More precisely, ideally, the probability that any bit of the stream flips if a given bit of the state flips, should be ½.
That is called **diffusion** of the state.

After all, if it wasn’t ½, I could start making good guesses about whether this bit of the state is set, and slowly recover pieces of the state or even the key. And suddenly, I can predict the whole stream.

A related concept is **confusion** of the key.
Ideally, each bit of the output depends equally on a combination of all bits of the key.
So, each bit of the key should change each bit of the stream,
for half of the set of possible configurations of the key’s other bits.

Each bit of the stream should therefore be a complex combination of all of the key’s bits, while each bit of the key should have an impact stretched along the whole stream.

These properties particularly matter for cryptographic primitives such as ChaCha20, where the seed of the PRNG is essentially the cipher key. Their analysis and understanding still matter for PRNG quality; although some designs don’t take confusion seriously, leading to severe correlation of distinct seeds.

## Tooling

Back in the seventies, there was no tooling to pragmatically study the quality of a generator. That made the PRNG hobby somewhat impractical.

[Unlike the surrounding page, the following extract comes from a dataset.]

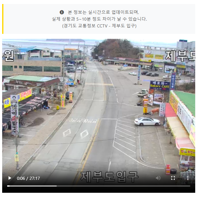 ์ ๋ถ๋์์๋ ์ ๋ถ๋CCTV๋ฅผ ํตํด ๋ฐ๋ท๊ธธ์ ์ค์๊ฐ ์ํฉ์ ํ์ธํ ์ ์๋ ๊ธฐ๋ฅ๋ ์ ๊ณตํฉ๋๋ค. CCTV ํ๋ฉด์ ํตํด ์ ๋ถ๋์ ์ค์ ๋ก ๋ฐ๋ท๊ธธ์ด ์ด๋ฆฌ๊ณ ์๋์ง ํ์ธํ๋ฉฐ, ๋ฐ๋ท๊ธธ์ ์ํ๋ฅผ ํ๋์ ์ดํด๋ณผ ์ ์์ต๋๋ค.

As a sad result, some people produced subpar results, such as IBM’s infamous RANDU:

It fails the spectral test badly for dimensions greater than 2, and every integer result is odd.

Fortunately, great strides were made since. Anyone can get going quickly, up until they start having competitive results.

### History

A first step was Donald Knuth’s description of the use of **Chi-Squared tests** in 1969.

While its application to generators was described in Knuth’s seminal work
*The Art of Computer Programming*, we have to thank Karl Pearson for the concept.

As the story goes, Pearson was disgruntled at scientists estimating all their results based on the assumption that their statistical distributions were always normal, when in some cases they very clearly were not. They just didn’t really have any other tool.

So he worked through the theory. Say you make a claim that some value, for which you have samples,
follows a given statistical distribution. (A uniform one perhaps? Like our PRNG outputs?)
Call that “**the Null Hypothesis**”, because it sounds cool.

Your evidence is a set of samples that belong in various categories.
Your null hypothesis is the belief that each category `i ∈ {1,…,k}`

appears with probability `pᵢ`

.
Maybe the two classes are 0 and 1; maybe they are the 256 possible bytes.

There are `oᵢ`

*observed* samples in category `i`

.
The theoretical, *expected* number of samples should be `eᵢ`

= `n·pᵢ`

.
You compute the **Chi-Squared statistic**: `χ²`

= `Σ (eᵢ - oᵢ)² ÷ eᵢ`

.

That statistic follows a distribution of probabilities, depending on the degrees of freedom of the problem at hand. If we are looking at random bytes, each generation must be one of 256 possible outputs: so there are 255 degrees of freedom. (If it is not in the first 255, it must be in the last, so the last one is not a degree of freedom.)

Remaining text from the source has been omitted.